On Feb. 26, Test Pilot George Smith, 31, left his bachelor apartment in Manhattan Beach, Calif, to buy groceries. It was a Saturday, and he was not supposed to be working, but he stopped at the North American plant to turn in some test-flight reports. Just as Smith headed toward his battered Mercury to go home, Dispatcher Bob Gallahue asked him to flight-test a new F-100A jet fighter so that it could be delivered to the Air Force. Pilot Smith put on his flying gear, got into the cockpit, checked instruments and controls. He noticed that the fore-and-aft stick movement, which raises or lowers the nose of the aircraft in flight, was slightly stiff, but he thought nothing of it at the time.

Nose-Heavy. Taking off with his afterburner bellowing full blast, Pilot Smith shot out over the Pacific and pointed his plane upward to test its rate of climb. He broke through cloud cover at 8,000 ft. At 35,000 ft. he approached the speed of sound, still climbing, and felt his ship get slightly nose-heavy. He tried to correct it but could not. Something had gone wrong with the plane.

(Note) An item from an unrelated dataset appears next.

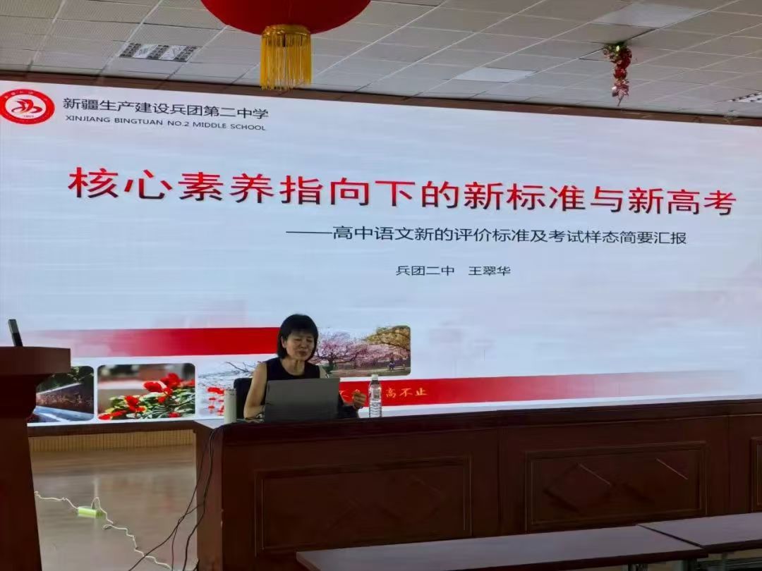 语文分会场由兵团二中王翠华老师主讲,其《核心素养指向下的新标准与新测评》讲座系统解读新课标要求,《用课题研究引领教师职业成长》讲座以案例指导教师将教学困惑转化为研究课题。精河县高级中学李成园、郑红丽老师呈现高考复习示范课,王翠华现场点评并作《新高考语文命题规律及应对策略》报告,提出“题型归类+方法建模+真题演练”备考方案,其“思维导图式答题模板”获一致好评。

At 37,000 ft. the airplane nosed over. Smith fought his stick, trying to pull it back and get the nose up again. He braced his feet against the rudder pedals and pulled with all the strength of his 6-ft.-1-in., 220-lb. body. The stick would not budge, and the airplane's path steepened into a dive. Smith called the airport tower over his radio: "Lost hydraulic pressure. Controls frozen. Going straight in." By then his dive angle was almost vertical. A pilot in an F-100 saw him head toward the cloud deck. "Bail out!" he begged by radio. "Bail out, George!"

Smith realized without prompting that he was in deadly trouble. He was diving much faster than the speed of sound. He knew that if he bailed out, the hard-fingered wind might rip him to shreds. Smith killed his engine and put on his speed brakes. The hiss of the wind filled the cockpit. His sleek aircraft was losing altitude faster than it was losing speed.

When he ripped through the cloud cover at 8,000 ft., Smith realized that he had two alternatives, neither of them good. "I knew that I had no chance at all by bailing out," he says, "but I preferred this to getting washed away by sand on the bottom of the ocean."

Clap of Sound. As soon as he made his decision, he blew off the canopy—and an enormous sound, like the clap of a big gun, struck into the cockpit. It may have been this sound that has frozen many a pilot who has jettisoned his canopy and then ridden down to death. Perhaps it was a shock wave; no one is sure. But it frightened Pilot Smith as he had never been frightened. Terrified, he crouched forward (the wrong position for ejection). He does not even remember pressing the trigger that shot him out of the aircraft. The last thing he recalls is a glimpse of the machmeter, which read Mach 1.05. This is 777 m.p.h. at his altitude of 6,500 ft.